## Work to be completed:
Of the material below, the lines to be retyped are those from the line containing "After lunch, the" through the line containing "9月6日,《江淮晨报》教育版", inclusive; reproduce them exactly.

## Given data:
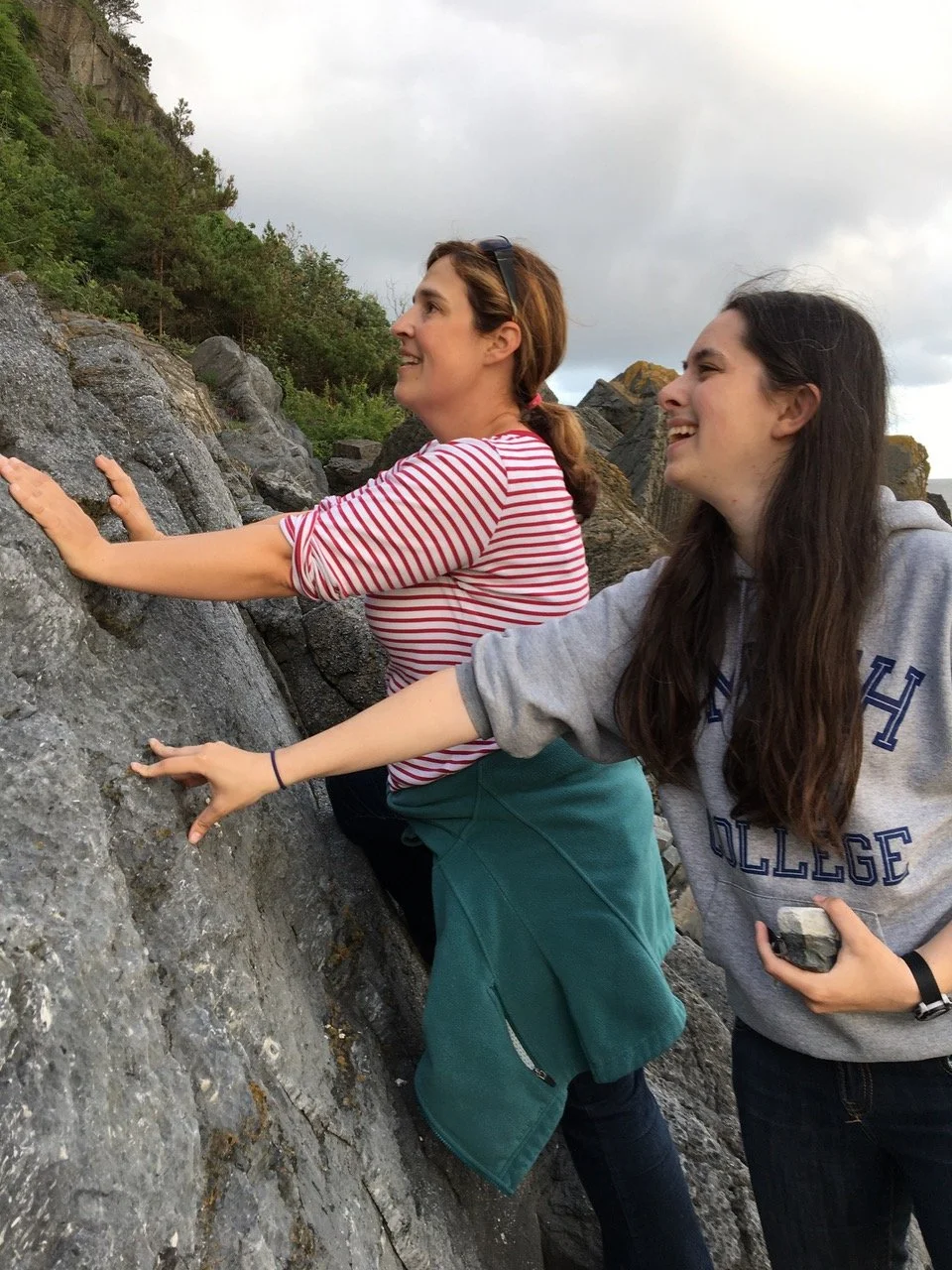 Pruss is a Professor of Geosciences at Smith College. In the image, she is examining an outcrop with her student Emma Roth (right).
* * *
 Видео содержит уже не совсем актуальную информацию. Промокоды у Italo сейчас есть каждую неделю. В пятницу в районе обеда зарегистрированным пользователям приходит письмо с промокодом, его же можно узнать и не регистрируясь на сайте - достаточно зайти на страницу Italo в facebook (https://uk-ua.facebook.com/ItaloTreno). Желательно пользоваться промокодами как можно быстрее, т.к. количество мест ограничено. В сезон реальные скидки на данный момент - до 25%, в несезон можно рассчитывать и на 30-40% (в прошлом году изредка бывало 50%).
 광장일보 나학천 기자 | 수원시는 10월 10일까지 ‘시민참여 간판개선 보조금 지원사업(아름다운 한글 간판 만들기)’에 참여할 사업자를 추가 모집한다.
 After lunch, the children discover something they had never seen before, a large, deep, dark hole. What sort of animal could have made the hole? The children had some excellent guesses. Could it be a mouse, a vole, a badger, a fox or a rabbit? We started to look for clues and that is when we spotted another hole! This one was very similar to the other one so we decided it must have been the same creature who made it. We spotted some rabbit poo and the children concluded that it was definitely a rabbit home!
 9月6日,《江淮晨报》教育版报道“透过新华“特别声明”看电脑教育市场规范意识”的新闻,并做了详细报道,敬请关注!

## Response area:
 After lunch, the children discover something they had never seen before, a large, deep, dark hole. What sort of animal could have made the hole? The children had some excellent guesses. Could it be a mouse, a vole, a badger, a fox or a rabbit? We started to look for clues and that is when we spotted another hole! This one was very similar to the other one so we decided it must have been the same creature who made it. We spotted some rabbit poo and the children concluded that it was definitely a rabbit home!
 9月6日,《江淮晨报》教育版报道“透过新华“特别声明”看电脑教育市场规范意识”的新闻,并做了详细报道,敬请关注!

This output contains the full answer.